Prompt: Extract only the first line of the listing and every line after it up to and including the one with "Thực hiện chương". Omit the pictures.

Supplied records:
BEGIN
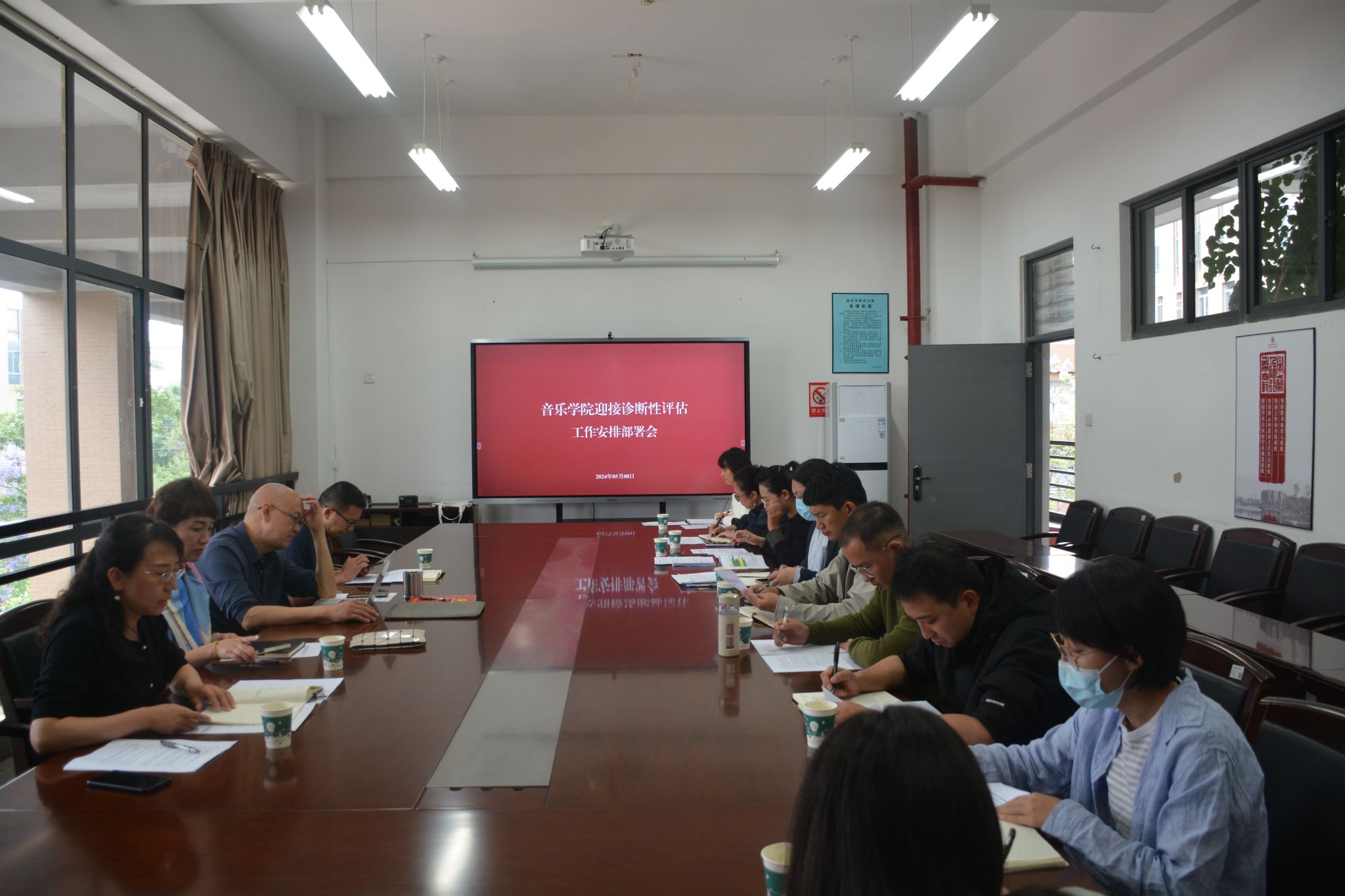 2024年5月8日13:00,音乐学院在A301会议室召开迎接诊断性评估工作安排部署会。音乐学院党政班子成员、相关科室负责人、教学管理科工作人员等参加会议。副院长侯静宜主持会议。
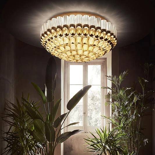 Odeon отдает дань уважения театру концентрическими коронками из комбинированного металлического золотого флекса и лентифлекса, стеклоподобного волнистого технополимера. Он доступен в двух размерах, диаметром 65 или 100 см, и поставляется полностью собранным.
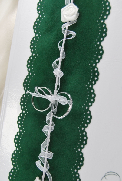 Silberne Trauringe auf dunkelgrünem Velours und weißem Zierband
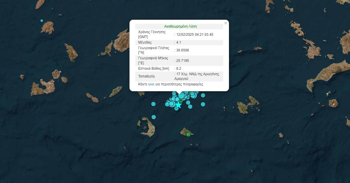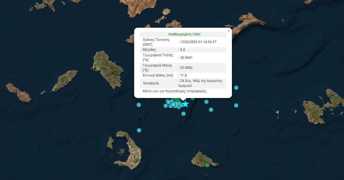 Νέα ισχυρή σεισμική δόνηση μεγέθους 5 βαθμών της κλίμακας Ρίχτερ σημειώθηκε στις 03:14 τα ξημερώματα της Τετάρτης στη θαλάσσια περιοχή μεταξύ Σαντορίνης και Αμοργού.
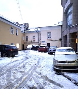 Закрытая территория двора, вход в парадную со двора. Консьерж на входе.
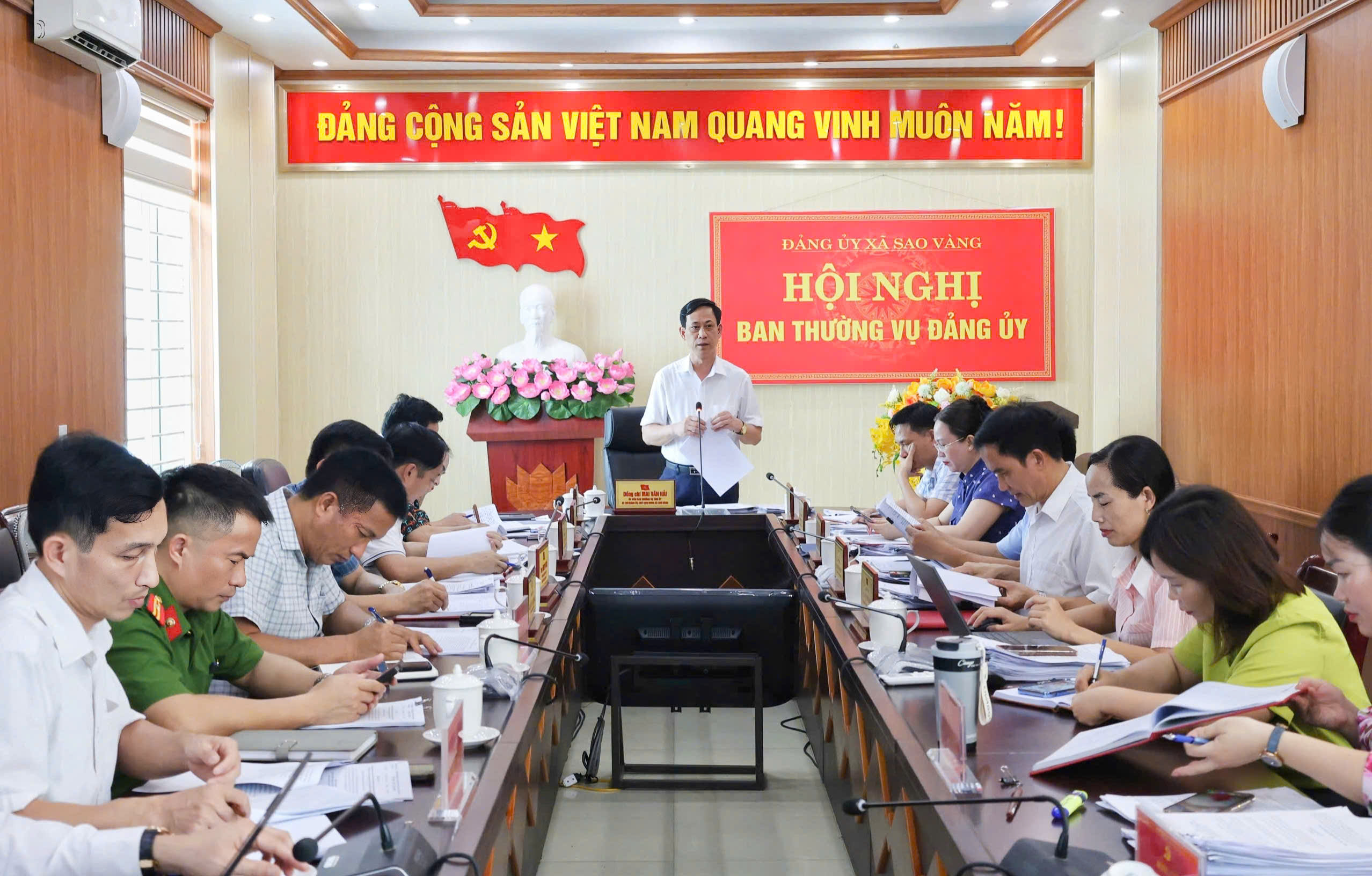 Thực hiện chương trình công tác, chiều 09/4/2026, Ban Thường vụ Đảng ủy xã Sao Vàng tổ chức Hội nghị thảo luận và cho ý kiến một số nội dung thuộc thẩm quyền.
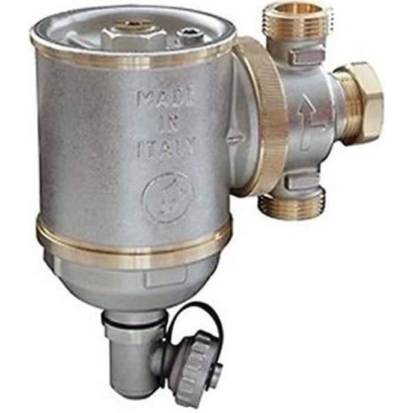 Complete set (de-sluster + ball valve + telescopic socket) › See more product details; Product description Cyclone and magnetic decoder, equipped with a swivel inlet/outlet connection with ISO 228 male threaded connections. The compact design with 3/4 inch connections is particularly suitable for placement under wall boilers. Complete with swivel outlet tap, magnet and magnetic holder, female threaded plug with self-locking for unused inlet route Brass body and magnetic case, cyclone insert made of high-strength synthetic material, 300 μm filter made of stainless steel AISI 304, seals made of EPDM, neodymium magnet; Product description Cyclone and magnetic decoder, equipped with a swivel inlet/outlet connection with ISO 228 male threaded connections. The compact design with 3/4 inch connections is particularly suitable for placement under wall boilers. Complete with swivel outlet tap, magnet and magnetic holder, female threaded plug with self-locking for unused inlet route Brass body and magnetic case, cyclone insert made of high-strength synthetic material, 300 μm filter made of stainless steel AISI 304, seals made of EPDM, neodymium magnet; Cyclone and magnetic decoder, equipped with a swivel inlet/outlet connection with ISO 228 male threaded connections. The compact design with 3/4 inch connections is particularly suitable for placement under wall boilers. Complete with swivel outlet tap, magnet and magnetic holder, female threaded plug with self-locking for unused inlet route Brass body and magnetic case, cyclone insert made of high-strength synthetic material, 300 μm filter made of stainless steel AISI 304, seals made of EPDM, neodymium magnet
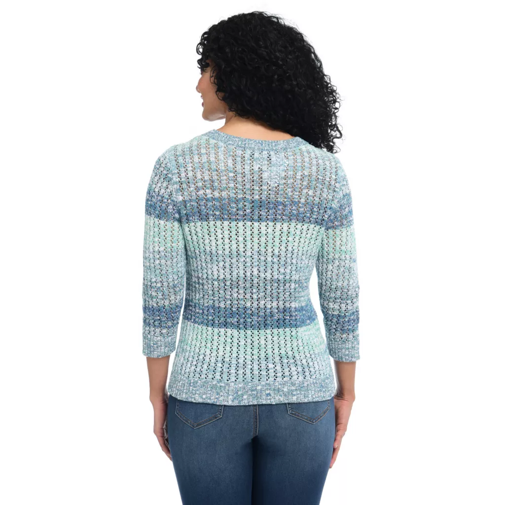 Beautiful and breathable, this sweater features colors that melt together in an open-stitch textured pattern. Pair a cami underneath for a look that’s perfect for breezy days!
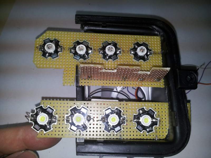 First of all I used four x 3 Watt white LEDs and put two each side. I used some resistors I had lying around (rather than buying some wirewound ones) I used 22 ohm resistors, six in parallel then another six in parallel to give a total resistance of about 8 ohms. They dissipate quite a bit of heat! I would suggest if anyone wants to build a similar circuit you just by a couple of power resistors instead
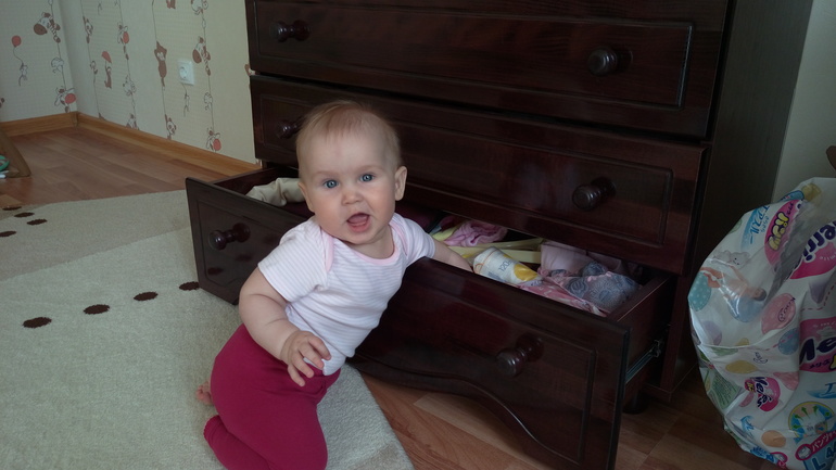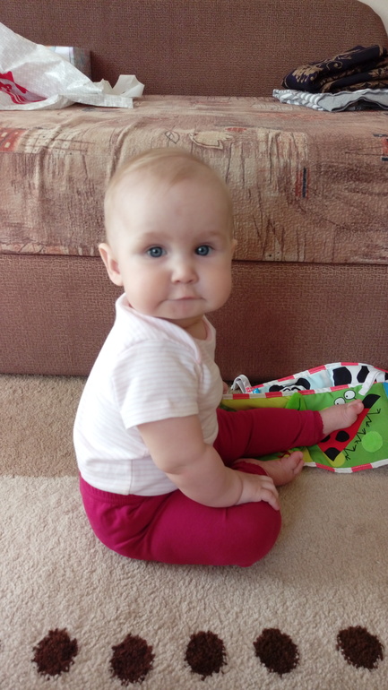 Интеллект ребенкаСегодня Василисе 8 месяцев! Мы их встречаем на даче, родственники делами занимаются, а мы вдвоем развлекает друг друга :) неделю назад был наш первый выезд и ночь вне дома! Все прошло отлично, на природе моя девочка уснула в 17-30 и проснулась в 6-30 (это обычное время просыпания). Ночью спала со мной, крепко и хорошо :) Этот месяц был богат на новые умения! Крепко встала на коленки вертикально с опорой, сейчас даже без опоры пытается, следом и на ножки с опорой встала :) научилась ползать на четвереньках, сидит без опоры! Начала танцевать немного, без особой охоты. Первое слово! Не могу понять, оно или нет, но четко говорит "дай". Причем когда что-то не может взять в руки или в рот. Не уверена, может надумываю :) Еще у нас начался мамский период! С криком мамамама ползет за мной быстро-быстро, как только я отхожу, на ручки просится аналогично. Но если вообще исчезаю из вида спокойно играет :) вообще речь ее богата звуками! Слоги ма, ба, да, та, па, ка, ва и с другими гласными периодически. С недавних пор их сочетания бака, букака, адай и так далее :) болтушка растет! Повторяет если покивать ей головой, смотрит, куда я пальцем показываю. На "Где собачка?" ищет глазами нашего йорка :) с папой и мамой не работает так пока :) понимает "айайай" - перестает делать то, что делает, научилась у собакена видимо :) постоянно хохочет, даже сама с собой! С упорством маньяка любит кусать и щипать носы! Моя сладкая девочка! Фото ниже
END
Answer:
 2024年5月8日13:00,音乐学院在A301会议室召开迎接诊断性评估工作安排部署会。音乐学院党政班子成员、相关科室负责人、教学管理科工作人员等参加会议。副院长侯静宜主持会议。
 Odeon отдает дань уважения театру концентрическими коронками из комбинированного металлического золотого флекса и лентифлекса, стеклоподобного волнистого технополимера. Он доступен в двух размерах, диаметром 65 или 100 см, и поставляется полностью собранным.
 Silberne Trauringe auf dunkelgrünem Velours und weißem Zierband
 Νέα ισχυρή σεισμική δόνηση μεγέθους 5 βαθμών της κλίμακας Ρίχτερ σημειώθηκε στις 03:14 τα ξημερώματα της Τετάρτης στη θαλάσσια περιοχή μεταξύ Σαντορίνης και Αμοργού.
 Закрытая территория двора, вход в парадную со двора. Консьерж на входе.
 Thực hiện chương trình công tác, chiều 09/4/2026, Ban Thường vụ Đảng ủy xã Sao Vàng tổ chức Hội nghị thảo luận và cho ý kiến một số nội dung thuộc thẩm quyền.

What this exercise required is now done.